Analyze Archetype button (in any archetype asset's details panel)Walk the action graph, report orphan facts (never produced) and unused actions. Surfaces "why no plan?" before runtime.
IntentForge MessageLog (Window → Developer Tools → Message Log → IntentForge)Persistent record of validation runs + Test Plan + Analyze results.

Programmatic access

If none of the above fits, the registry exposes the raw agent set:

UIntentForgeWorldSubsystem* Registry = UIntentForgeWorldSubsystem::Get(this);
for (UIntentForgeComponent* Agent : Registry->GetAllAgents())
{
    // ... do whatever inspector / overlay / coordination you need
}

The subsystem is the canonical entry point — never iterate actors directly looking for the component.

What Intent Forge isn't

  • Not a replacement for StateTree, Behavior Trees, or hand-written controllers.
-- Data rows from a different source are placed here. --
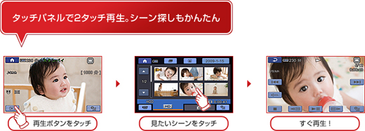 日付/映像/人物の顔からかんたん検索。見たいシーンをタッチするだけですぐに再生できます。また、シーンの削除や並べ替えなどの、かんたんな編集もできます。
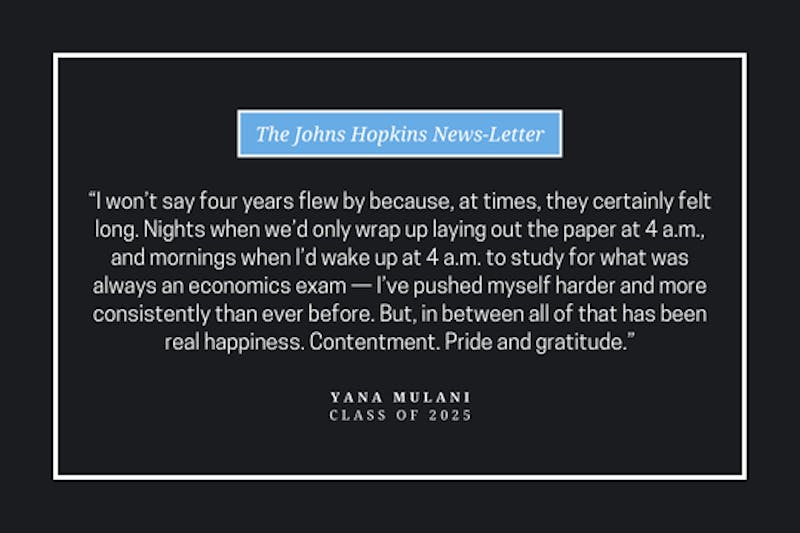I won’t say four years flew by because, at times, they certainly felt long. Nights when we’d only wrap up laying out the paper at 4 a.m., and mornings when I’d wake up at 4 a.m. to study for what was always an economics exam — I’ve pushed myself harder and more consistently than ever before. But, in between all of that has been real happiness. Contentment. Pride and gratitude.
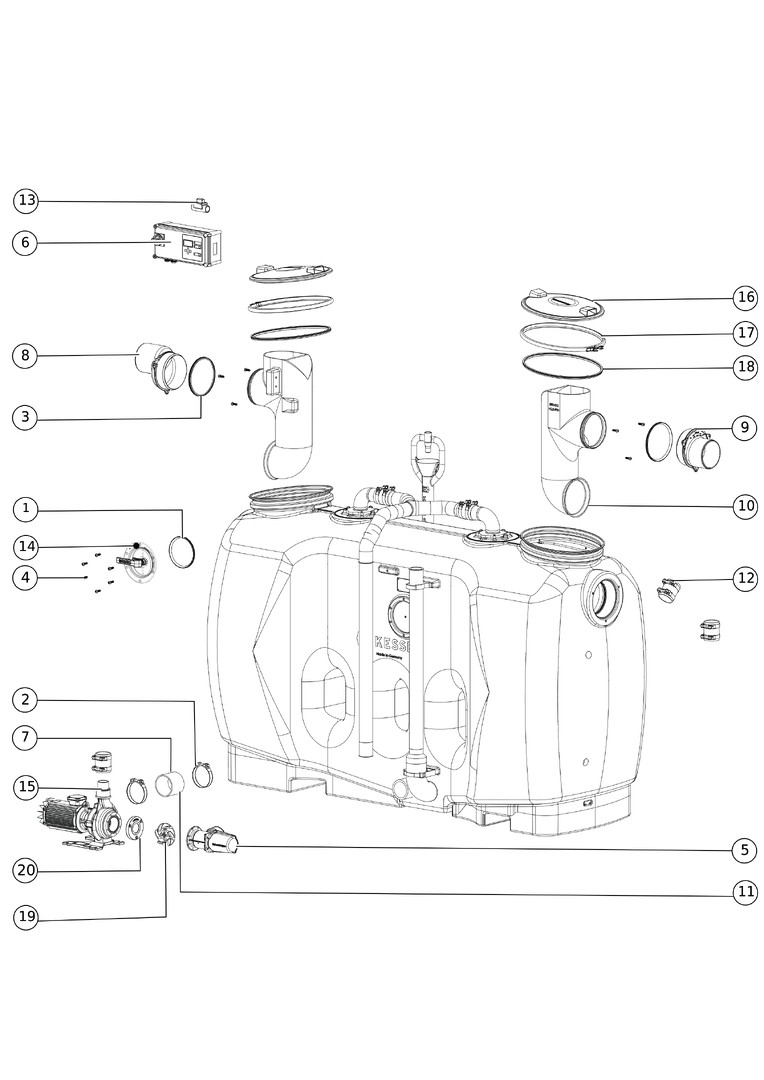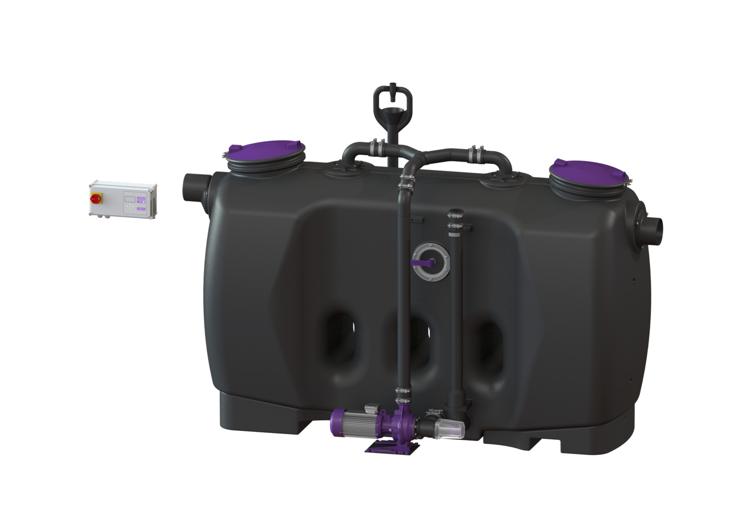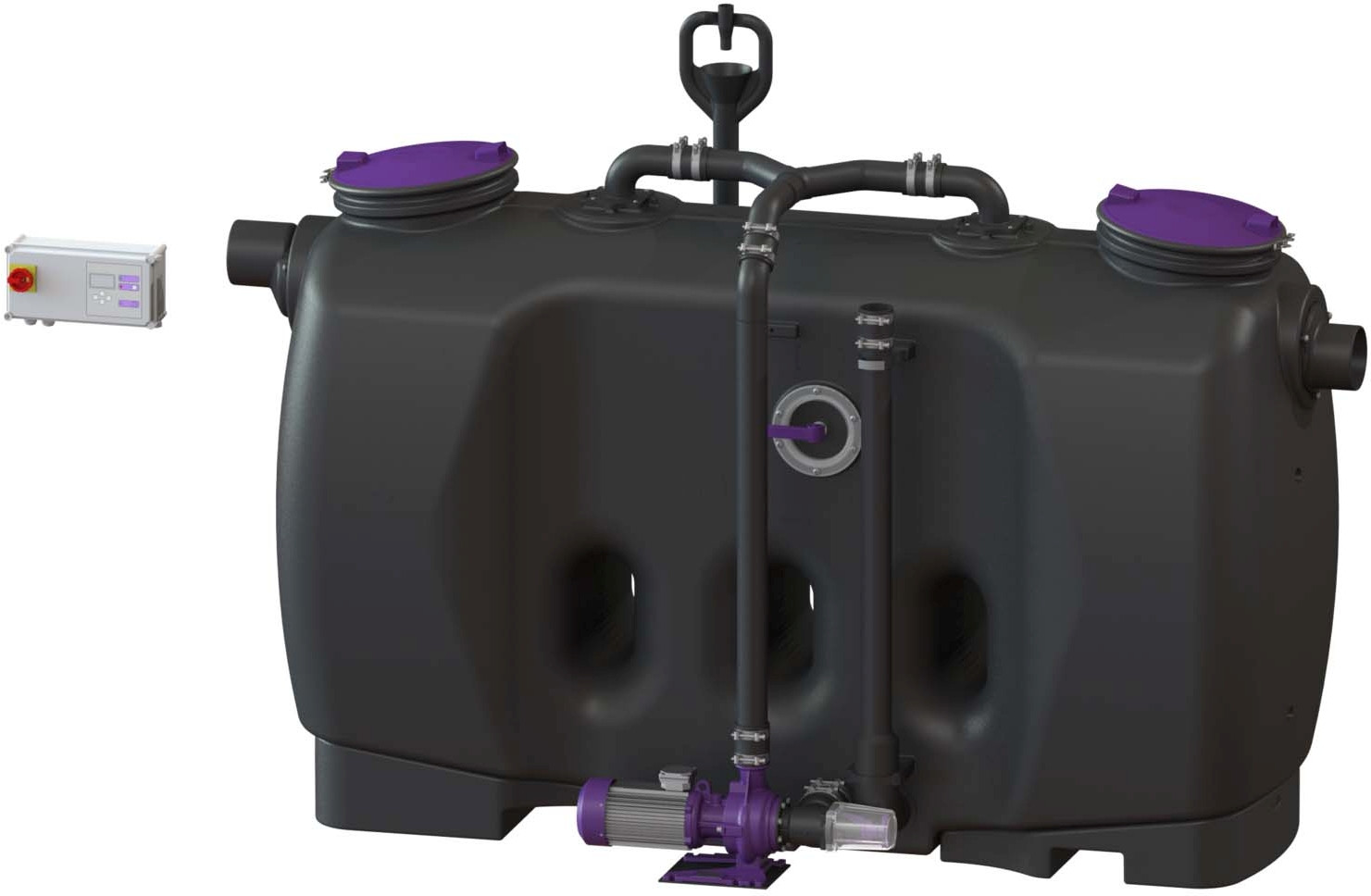 aus PE, Einbau in frostgeschützten Räumen, mit Direktentsorgung, programmgesteuertem Schredder-Mix-System, Schaltgerät, Schauglas, Fülleinrichtung und Pumpe, die Fließrichtung kann durch Austauschen des Zu- und Ablaufstutzens geändert werden, Pumpenleistung 3 kW, Kabellänge für Anbauteile 5 m, Anlage komplett montiert, Zubehör Probenahmeeinrichtung, Hebeanlagen, Fernbedienung

It sits above them.
  • Not a multi-agent coordinator. Per-agent planning only.
  • Not networked. Server-authoritative is enforceable but no replication patterns ship today.
  • Not a utility AI framework. The goal-scoring layer borrows from utility AI, but the planner is the centerpiece.
  • Not genre-coupled. Combat, survival, patrol — none of these are baked into the core.